Im Plaßberg-Kabinett sprechen die Gäste derweil über eine Touristen-Obergrenze. So wie zum Beispiel in Thailand: Dort dürfen manche Buchten für Monate nicht besucht werden, damit sich die lokale Flora und Fauna erholen kann. Auch Mallorca will die Zahl der Gästebetten um 100.000 reduzieren und in Italien gibt es feste Startzeiten für bestimmte Wanderwege. Zu viele Urlauber für zu wenige Sehenswürdigkeiten.

Fazit

Kaum Kontroversen und keine richtige Debatte. Die meisten Diskutanten sind sich einig, dass Urlaub wichtig ist, aber jeder auch bewusster reisen sollte. Eine schwache Erkenntnis nach über 75 Minuten Talk. Der Zuschauer bleibt zurück, mit dem Gefühl, etwas falsch gemacht zu haben.

Wie der Pauschalurlauber seine Reisen zukünftig umweltfreundlicher gestalten soll, ohne dabei Einheimische und andere Touristen zu stören, bleibt somit auch am Ende ungeklärt. Das liegt auch daran, dass die kurzen Diskussionen bei „Hart aber fair“ zahm blieben.
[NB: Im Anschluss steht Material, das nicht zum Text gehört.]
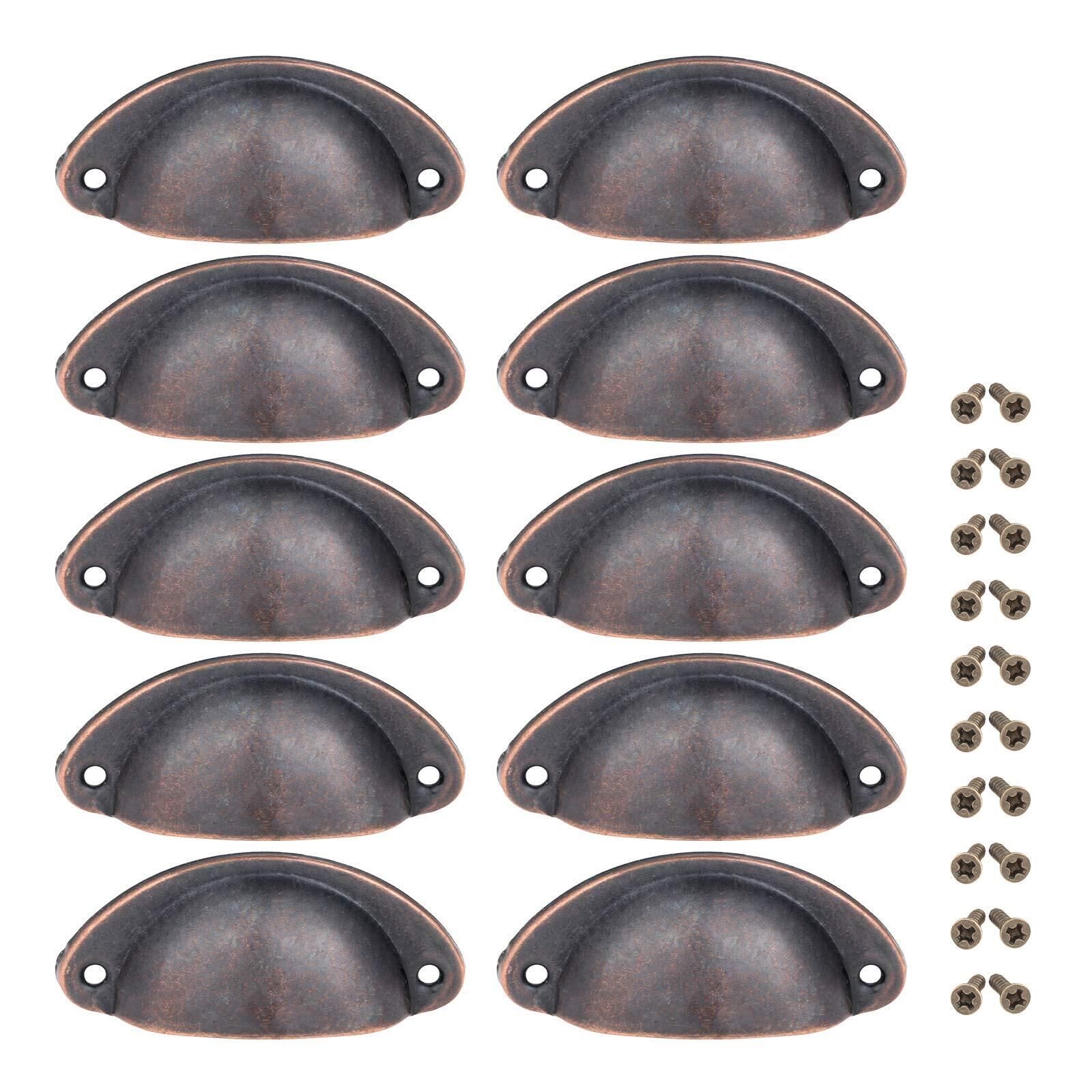 引き出し取っ手 アンティーク調 つまみ キャビネット 食器棚 取手 金具 引き出しノブ シェルハンドル アーチ型 レトロ 10個入り 赤い銅1

Da hilft es nicht einmal, dass Frank Plaßberg gegen Ende der Sendung Matthias Morr in die Gruppe mit aufnimmt. Der YouTuber und Influencer hat 200.000 Follower und wird von Kreuzfahrt-Veranstaltern regelmäßig eingeladen, um über ihre Schiffe zu berichten. Für den Urlaub zahlt er keinen Cent.

Aber außer Greenpeace-Aktivistin Heuss lässt sich niemand so richtig mit dem Neuen ein. Warum er die Reedereien nicht mit dem giftigen Ausstoß der Schiffe konfrontiere, will sie wissen: „Sie können sich das trauen und fragen.“ Doch Morr traut sich nicht und verweist auf die AIDA Nova. Ein neues Schiff, das mit Flüssiggas betrieben wird. Kritische Fragen gelobt Morr dann zu fragen, wenn es die Leute irgendwann auch wirklich interessiert, was so ein Schiff für Abgase absondert.